* _Task_
Repeat the span of the entries below that starts at the line with "WARNA BLACK HITAM" and ends at the line with "Vertise™ Flow –", nothing more. Skip the pictures.

* _Working data_

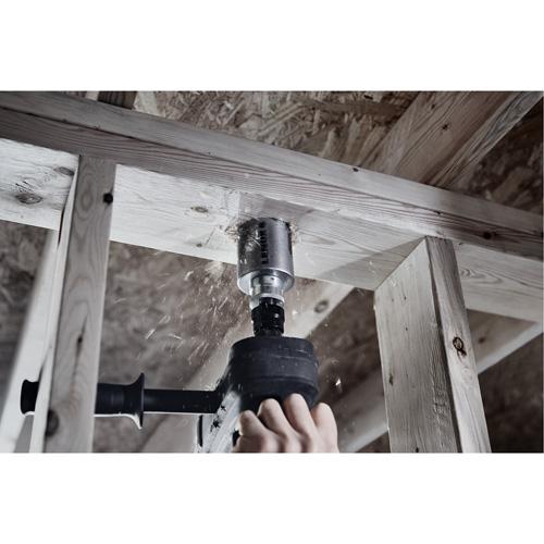 - Large carbides and aggressive tooth design cuts through material faster for rough-in applications
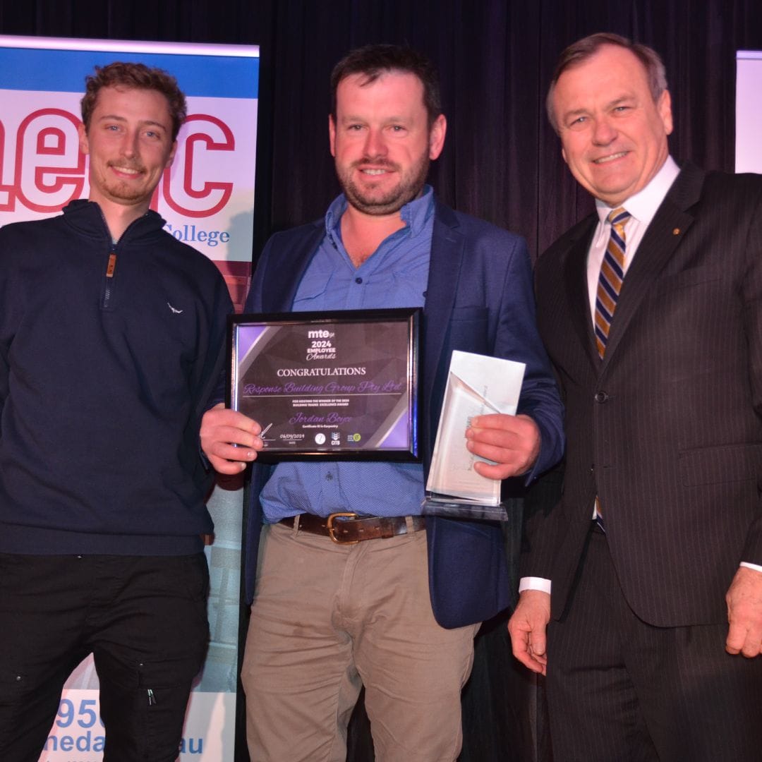- Building trades excellence: Jordan Boyce, a carpenter with Murray Bridge-based Response Building Group, “a vibrant and likeable individual” who had excelled while balancing his apprenticeship with his family life
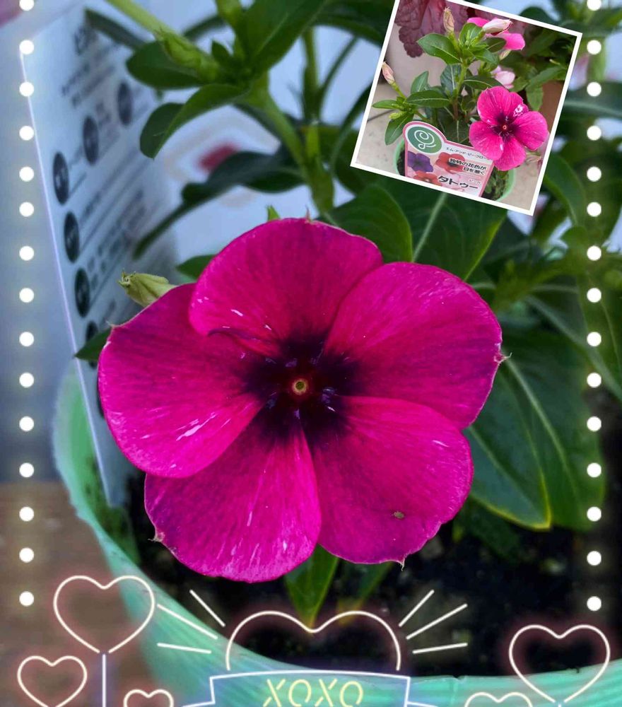 ④スーパーの片隅に一つだけ写真より赤い苗があって久しぶりにお迎えしましたニチニチソウのタトゥー❤️
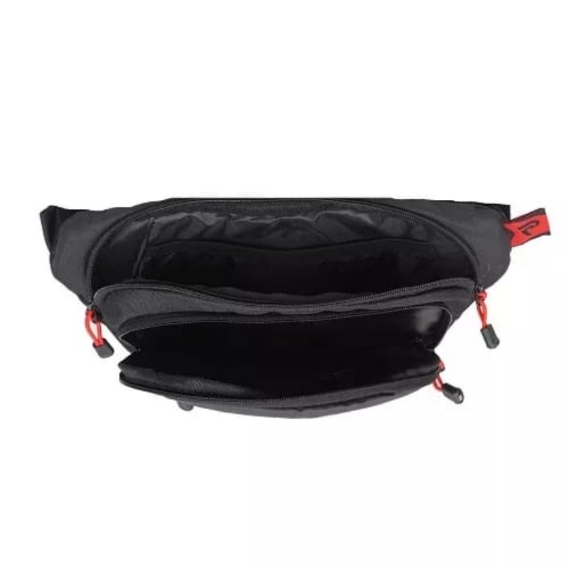 WARNA BLACK HITAM 1 KOMPARTEMEN UTAMA DENGAN ZIPPER 2 KOMPARTEMEN DEPAN DENGAN ZIPPER MATERIAL DENIER MUAT SMARTPHONE 7 IN DIMENSI 37 X 18 X 6 Cm VOL 3 L 100% ORIGINAL PRODUCT
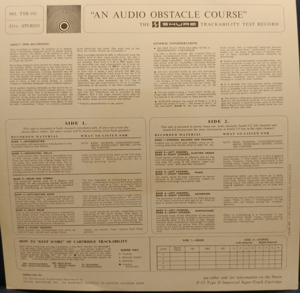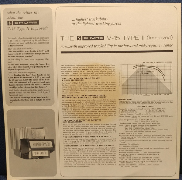 Issued especially for promoting, testing and adjustment of the “Shure V-15 Type II (Improved)” cartridge.
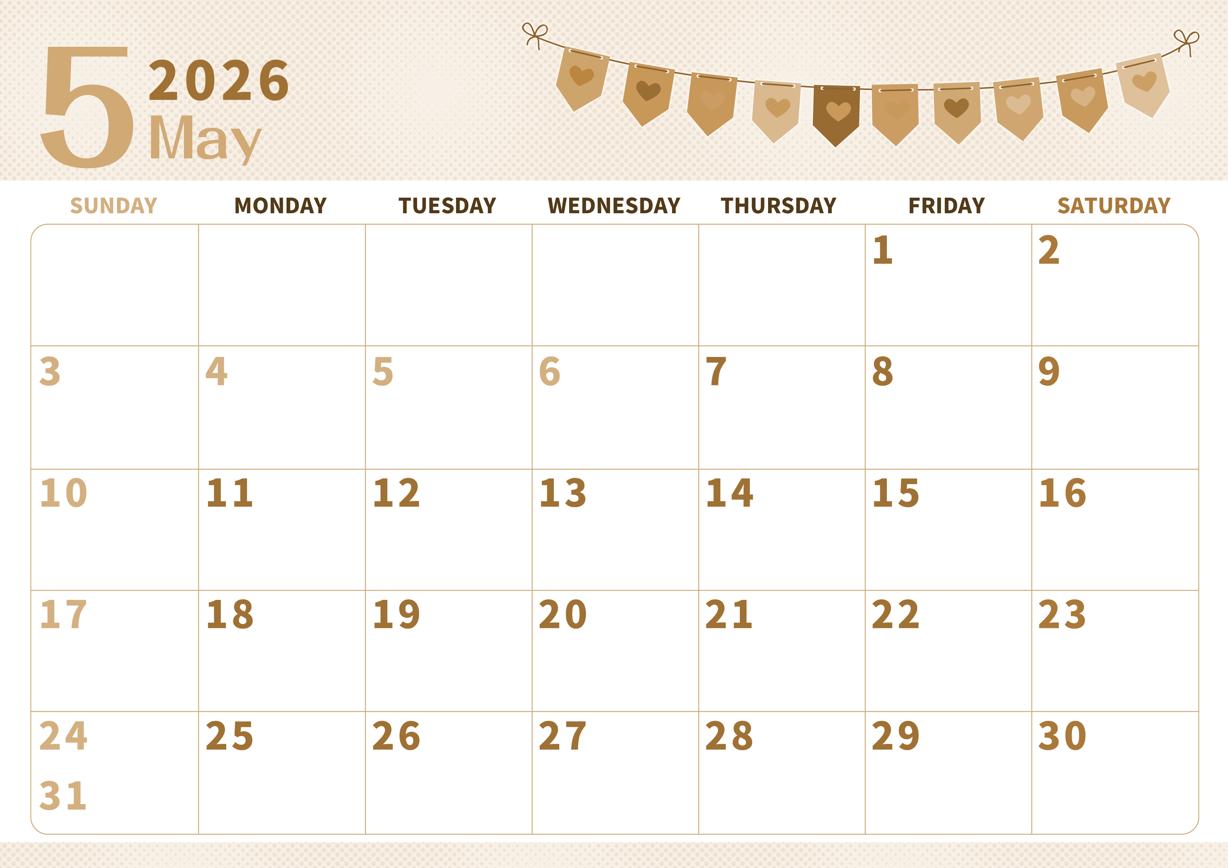 2026年5月横型レトロな日曜始まりの無料テンプレートセピア調カレンダーです。旗が掲げられていてフェスティバル感が溢れ出ている背景のかわいいイラストセピア調カレンダーは字が大きいので使いやすいです。(2026-00620500)
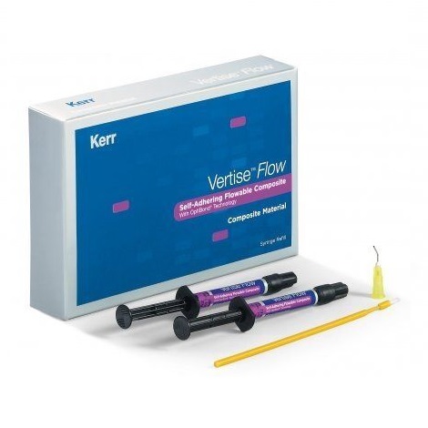 Vertise™ Flow – это самопротравливающий самоадгезивный текучий композитный материал. В составе Vertise™ Flow используется та же технология, что и в известном семействе адгезивов OptiBond™ от Kerr, благодаря чему при применении Vertise™ Flow не требуется проведение процедур протравливания / прайминга / бондинга. При этом Vertise™ Flow обеспечивает высокую силу адгезии и по прочностным характеристикам не уступает традиционным текучим композитам.
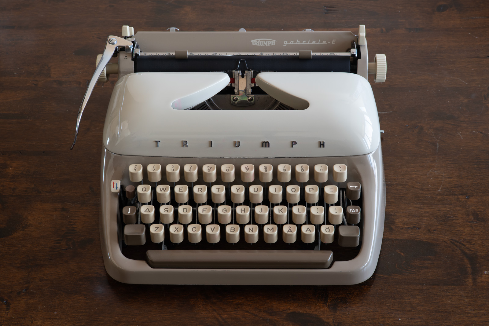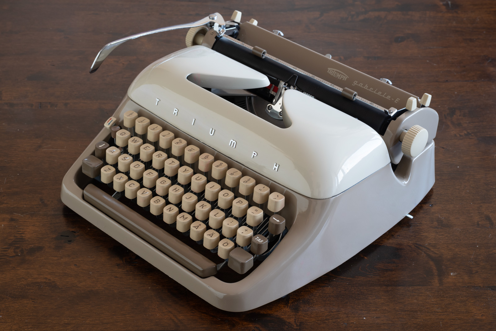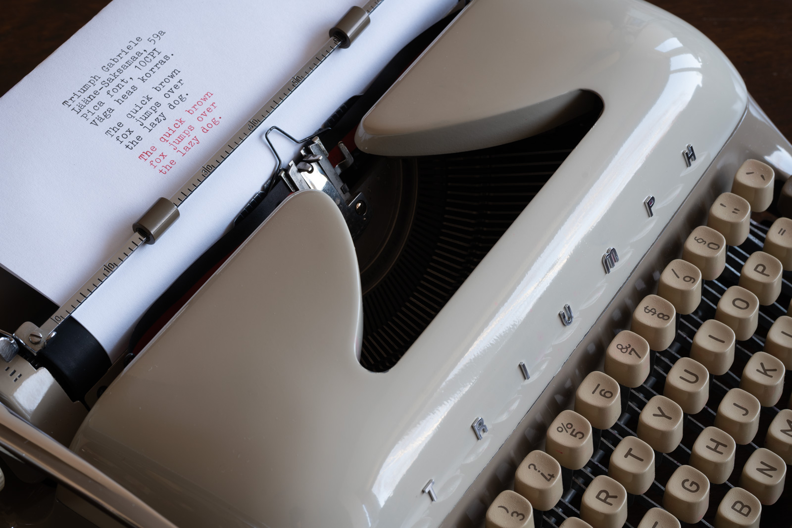 Tootja: Triumph Mudel: Gabriele Toodetud: 1959. aastal. Lääne-Saksamaa. Font: Pica, 10 märki tolli kohta. Seisukord: Väga heas korras.

* _Solution for this problem_
 WARNA BLACK HITAM 1 KOMPARTEMEN UTAMA DENGAN ZIPPER 2 KOMPARTEMEN DEPAN DENGAN ZIPPER MATERIAL DENIER MUAT SMARTPHONE 7 IN DIMENSI 37 X 18 X 6 Cm VOL 3 L 100% ORIGINAL PRODUCT
 Issued especially for promoting, testing and adjustment of the “Shure V-15 Type II (Improved)” cartridge.
 2026年5月横型レトロな日曜始まりの無料テンプレートセピア調カレンダーです。旗が掲げられていてフェスティバル感が溢れ出ている背景のかわいいイラストセピア調カレンダーは字が大きいので使いやすいです。(2026-00620500)
 Vertise™ Flow – это самопротравливающий самоадгезивный текучий композитный материал. В составе Vertise™ Flow используется та же технология, что и в известном семействе адгезивов OptiBond™ от Kerr, благодаря чему при применении Vertise™ Flow не требуется проведение процедур протравливания / прайминга / бондинга. При этом Vertise™ Flow обеспечивает высокую силу адгезии и по прочностным характеристикам не уступает традиционным текучим композитам.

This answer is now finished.